When you pluck a string, it stretches the string out, like this:


When you release, it moves. After a fraction of a second, it might look like this:


The vibrations are controlled by a differential equation, i.e., an equation with derivatives in it. If the height of the string (compared to the base, still position), x away from one end, at time t is given by a function f(x,t), then this differential equation is \dfrac{d^2 f}{dt^2} = \dfrac{d^2 f}{dx^2}.1


At each t, f(x,t) gives the position of the string at each x value. For instance, f(x,0) gives the position of the string at the start, t=0. It represents the initial position of the string.

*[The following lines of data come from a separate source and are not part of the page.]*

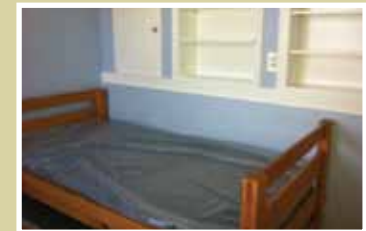
Downstairs Bedroom: houses a single woman or mother and one child
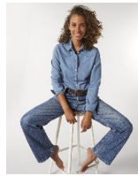
Stella Inspires Denim

Shell : Woven denim , 100% Cotton - Organic Ring Spun Combed , Garment washed , Yarn Dyed , 170 GSM
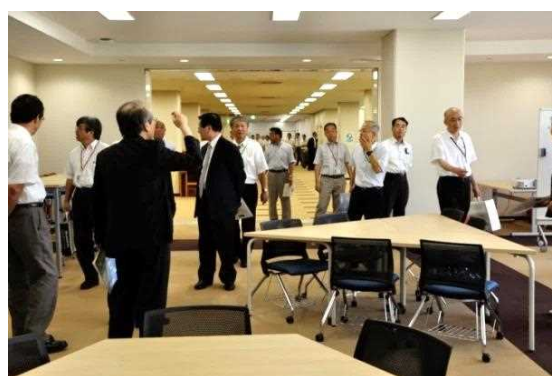
Touring the library (Learning Commons)
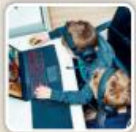
play video games
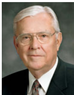
By Elder M. Russell Ballard Of the Quorum of the Twelve Apostles
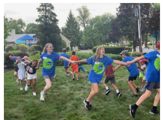
Summit commUNITY Camp VBS
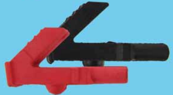
Insulator, Glove Style for the 501792 Series
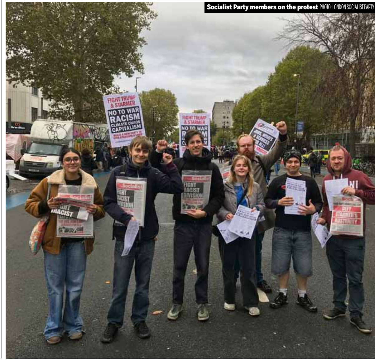
Socialist Party members on the protest

Tower Hamlets Socialist Party will continue working with local trade unionists towards that planned community campaigning against racism and the austerity conditions it breeds in. And with more funding cuts looming, workers' candidates standing against all austerity and for building a fight for the funds Tower Hamlets needs will be essential in May's council elections.
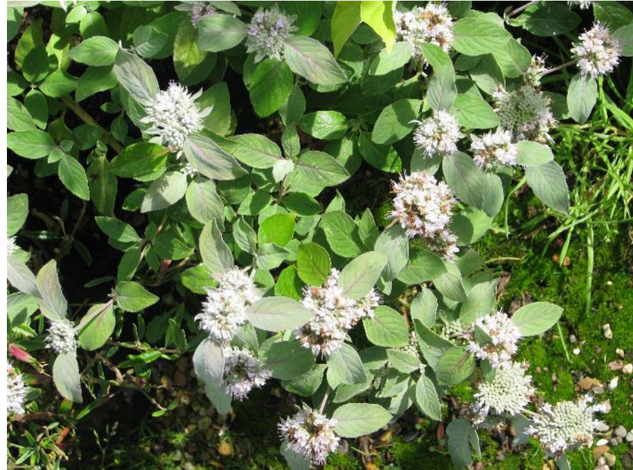
Mountain mint.
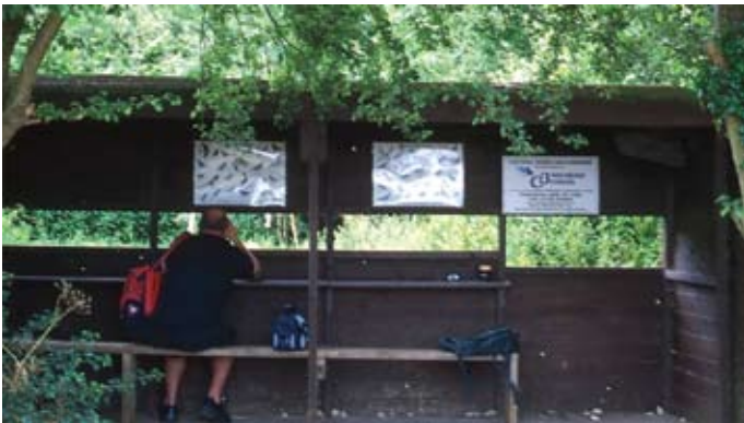
Figure 2. Bird feeding devices such as 'nut feeders' (directly in front of the viewer) provide enhanced viewing opportunities (value added tourism product) at a bird hide at Rutland Water, UK.

to see, and/or wildlife that occurs in specific locations, are fed as part of a tourism attraction. Because wildlife tourism is a means of learning about wildlife and the way that most people come into contact with exotic, rare and charismatic species this chapter seeks to explore the spectrum introduced above. It is thus necessary to take on a global view, so that the wildlife-feeding situation, particularly from a tourism perspective, can be fully appreciated.

To explain the equation, \dfrac{d^2 f}{dt^2} is the vertical acceleration of the string. Meanwhile, \dfrac{d^2 f}{dx^2} measures how much the string is curving at one instant of time, as you move from left to right. The more the string is curving, the bigger this is.


In other words, the differential equation tells us that the curvature of the string controls the strings acceleration. In the above example, the string would accelerate downward quickly near the top, where \dfrac{d^2 f}{dx^2} is large (and negative), but wouldn’t accelerate much at all where \dfrac{d^2 f}{dx^2} is small. That seems reasonable.

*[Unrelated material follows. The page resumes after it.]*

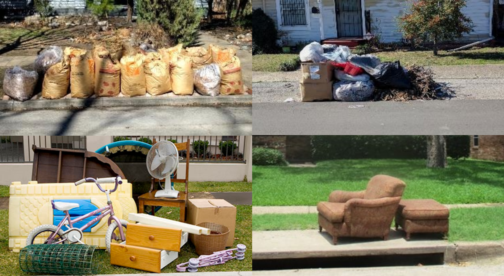
OKC.gov – Bulk Waste
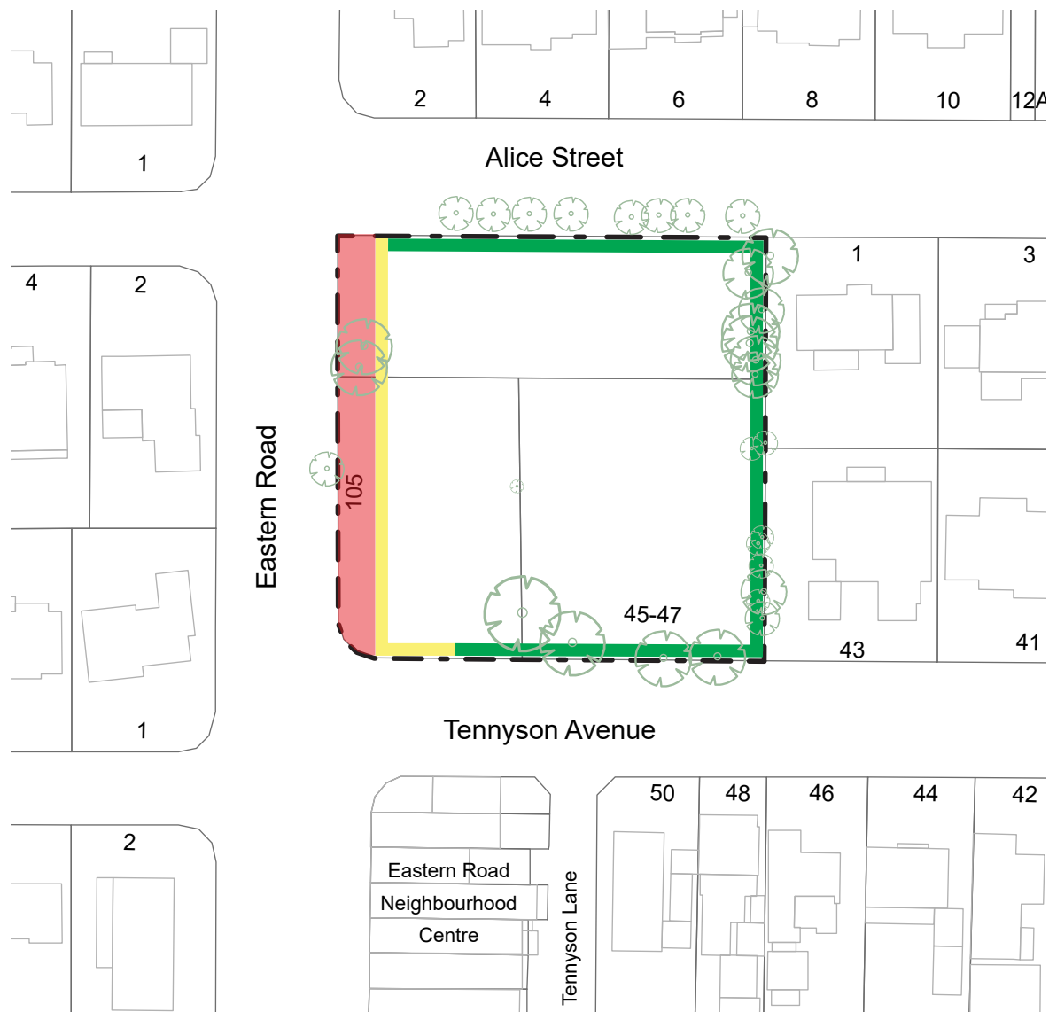
Figure 14K.4-1: Built Form Plan

There are infinitely many solutions to this equation. For instance, a more complicated vibrating string might look like this:2


How could we come up with particularly simple examples?

The simplest kind of vibration would be one where the string keeps its shape, but simply scales that shape up and down. In the simplest case, that would look like this:


For the string to keep its shape, its acceleration needs to be (proportional to) its current height. That way, the string accelerates back to equilibrium faster when it’s higher, and more slowly when it’s already low. In other words, we need \dfrac{d^2 f}{dt^2} = -\nu^2 f, where \nu (Greek letter nu) is some constant.3

Mathematically, if that holds, then it’s easy to check that f(x,t) = f(x,0)\cdot cos(\nu t), where f(x,0) is the position of the string when you first let go. In other words, if our string were in this special self-similar vibration, then the original shape would simply vibrate up and down sinusoidally (i.e., like a (co)sine wave), just like in the video above.

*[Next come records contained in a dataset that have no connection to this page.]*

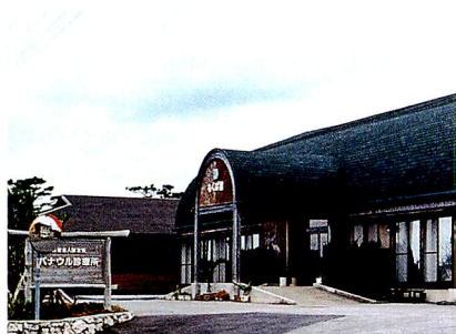
Panauru Clinic, where the office for Yoron Health Villa is located

Based on the 4th Ten Year Plan of Yoron, which I outlined earlier, I would like to introduce the future prospects for here on as part of Yoron's plans for the
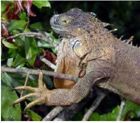
An iguana ruling from the treetops

Mid January 2013 – just the right time to escape Houston's winter chill (and Vermont's icy grip!) to spend a week amid Costa Rica's lush beauty. Six travelers from Brazos Bend State Park joined a fantastic guide and a steely-nerved driver for the eight-day adventure. We began in a central highlands nature reserve, in awe of brilliantly colored tanagers and hummingbirds. Over the next seven days, we hiked the trails of a tropical research station, came upon an anteater in a national park forest, marveled at baby Spectacled Caimans being watched over by their mama (no 2-finger touches here!), saw 6 different kingfisher species on a morning riverboat ride, overnighted on the flanks of a steaming volcano, and bounced our way over "hanging bridges" as we explored the rainforest canopy. Plus, we ate enough delicious tropical fruit to last a long while!
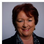
Rona Mackay Scottish National Party
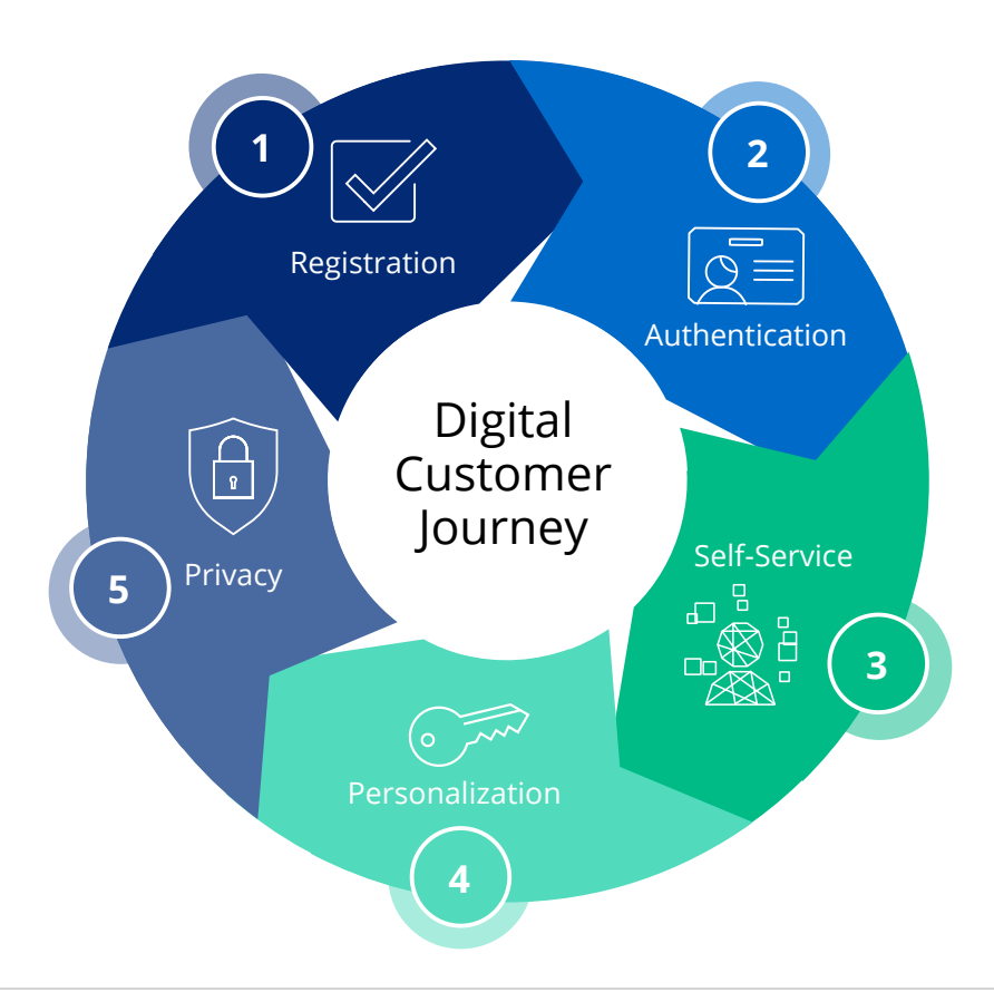
Figure 1: ForgeRock CIAM ensures that customers can move seamlessly and securely across all stages of the digital customer journey.

The ForgeRock CIAM solution meets organizations wherever they are in their digital customer journey and enables them to start modernizing immediately. The solution offers hybrid capabilities that enable organizations to seamlessly integrate, centralize, and manage identities and data across on-premises, cloud, and as-a-service infrastructures.
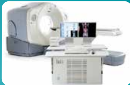
PET Scan (1st in Madhya Pradesh)
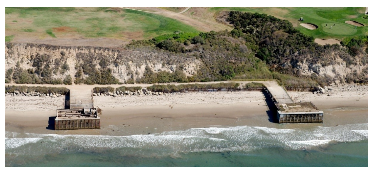
Figure 2. PRC 421 Piers and Caissons
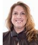
Member since: 2016 Term ends: 2020

What can these special self-similar vibrations look like?

If we plug \dfrac{d^2 f}{dt^2} = -\nu^2 f back into the equation for a vibrating string, we find that we also need \dfrac{d^2 f}{dx^2}(x,0) = -\nu^2 f(x,0). We need the second derivative of the function to be a multiple of the function itself.

In other words, we need f(x,0) to be an eigenfunction of \dfrac{d^2}{dx^2}!


The first place most students see eigen-stuff, like eigenvectors and eigenvalues, is in a college linear algebra course, but the basic idea is pretty simple.

When you multiply a vector v by a matrix A you end up with a new vector A\cdot v. For instance, \begin{bmatrix}2&1\\0&2\end{bmatrix}\begin{bmatrix}1\\0\end{bmatrix} =  \begin{bmatrix}2\\0\end{bmatrix}.

A good way to think about this is that the matrix A transforms vectors (like v)  into a new vector, that we call A \cdot v. For most vectors, this transformed vector will have nothing much to do with the original.

But eigenvectors are special; they are the vectors that A transforms in the simplest possible way, by simply scaling them.

In terms of an equation, if you have a matrix A and a vector v so that A \cdot v happens to equal \lambda \cdot v, for some number \lambda, then v is an eigenvector of A, with eigenvalue \lambda. The eigenvalue v is the amount that A scales the eigenvector v.

For example, \begin{bmatrix}2&1\\0&2\end{bmatrix}\begin{bmatrix}1\\0\end{bmatrix} = 2 \begin{bmatrix}1\\0\end{bmatrix}, and so \begin{bmatrix}1\\0\end{bmatrix} is an eigenvector of the matrix \begin{bmatrix}2&1\\0&2\end{bmatrix}, with eigenvalue 2.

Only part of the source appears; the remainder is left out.